Things soon escalate, with Reacher framed for the murder of that there lawyer and tailed by operatives of a PMC who, Turner confirms, were under suspicion of being-up-to-no-good and were being investigated by them there murdered soldiers. In order to clear their names, Reacher and Turner must work out exactly what major badness the PMC are up to, all the while dodging the PMC goons and the rather more competent assassin that are on their tail.
To make things a little more complicated, Reacher had been informed that a paternity suit had been filed against him while he was on walkabout, and his visit to see Samantha (Danika Yarosh) before this got quite so dangerous has inadvertently painted a target on his possible daughter, so he must also wrangle an occasionally petulant teen through this gauntlet while trying to relate to her.
It’s all, in the politest possible sense, quite unremarkable. Which is not the same as unenjoyable, but in the unlikely event you were expecting anything other than a competent genre outing you will be disappointed. Also, perhaps we need to have a word about managing your expectations, as even its most enthusiastic trailer isn’t selling this as anything other than a competent genre outing.
Cruise can do this sort of role in his sleep, and in this instance he largely has, albeit with enough flashes of charisma in the relationships with Smulders and Yarosh to keep things watchable throughout, and the action sequences are crisply handled. Similarly the narrative showers itself in competence, although it’s not really doing anything at all original.
It is, as you may have gathered by this point, a difficult film to be overly enthusiastic about, however it’s still a film I enjoyed well enough when watching. I imagine, much like its predecessor, I will never think about it again once we’re done with this podcast, and there’s many better films out there, but this is a perfectly acceptable procedural to parade in front of your eyeballs should you be in the mood for it. Mild recommendation.
We journey back to the eighties with The Infiltrator, with Bryan Cranston taking the role of Robert Mazur, a U.S. Customs special agent. After a number of busts of small to middling drug dealers that don’t seem to be making much of a dent in the burgeoning cocaine business, Mazur comes up with the sterling idea of hitting the cartels where it hurts – the wallet.
Following the money, he and his partner Emir Abreu (John Leguizamo) sets himself up as Bob Musella, a money launderer with ties to the mafia.
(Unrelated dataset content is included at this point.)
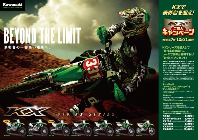 カワサキは、2015年7月15日から発売されるKXシリーズの購入者を対象としたキャンペーンを実施する

Starting with smaller fry, he risks his life and his relationship with his family by winning the trust of the drug organisations, all the way up to Benjamin Bratt’s Roberto Alcaino, money man for Pablo Escobar, and the astonishingly corrupt Bank of Credit and Commerce International.
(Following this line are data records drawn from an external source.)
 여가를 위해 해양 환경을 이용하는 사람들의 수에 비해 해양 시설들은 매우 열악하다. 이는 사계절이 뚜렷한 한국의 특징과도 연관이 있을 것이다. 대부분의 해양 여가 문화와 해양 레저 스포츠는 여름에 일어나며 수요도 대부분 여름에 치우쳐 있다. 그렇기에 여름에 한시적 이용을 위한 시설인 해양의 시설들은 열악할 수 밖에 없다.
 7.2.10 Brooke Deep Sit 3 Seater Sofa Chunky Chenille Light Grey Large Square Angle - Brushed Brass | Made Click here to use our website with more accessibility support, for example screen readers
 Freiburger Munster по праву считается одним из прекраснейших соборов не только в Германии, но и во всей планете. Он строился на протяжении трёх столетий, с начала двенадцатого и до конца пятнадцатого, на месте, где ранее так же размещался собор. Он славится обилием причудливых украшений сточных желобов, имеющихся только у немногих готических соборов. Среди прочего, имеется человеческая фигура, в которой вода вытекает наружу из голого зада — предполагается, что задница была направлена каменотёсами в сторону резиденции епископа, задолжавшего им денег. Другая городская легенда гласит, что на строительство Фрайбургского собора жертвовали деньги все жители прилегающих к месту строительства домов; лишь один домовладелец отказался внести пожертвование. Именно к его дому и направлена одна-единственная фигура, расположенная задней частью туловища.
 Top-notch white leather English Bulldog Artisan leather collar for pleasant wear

Based on Mazur’s autobiography, given that it portrays (or purports to, at least) actual events it seems somewhat unfair to say that we’ve seen this sort of thing before too many times, but, well, we have. Which is a real shame, because it’s a very well made film, with great turns particularly from Cranston and Leguizamo, and a variety of solid supporting acts, but there’s no real hook for the film to hang on.
Maybe if Netflix’s Narcos wasn’t hoovering up all of the Escobar mindshare this would get a fairer crack of the whip, and it’s quite sad to see a film that is, on its own merits, rather good be so ignored at the box office.
If you’ve an interest in what I suppose we could call undercover procedurals, then this will be a solid if unspectacular addition to your watch queue. I’d recommend it.
Right, that’s your lot. Find your hook and sling it.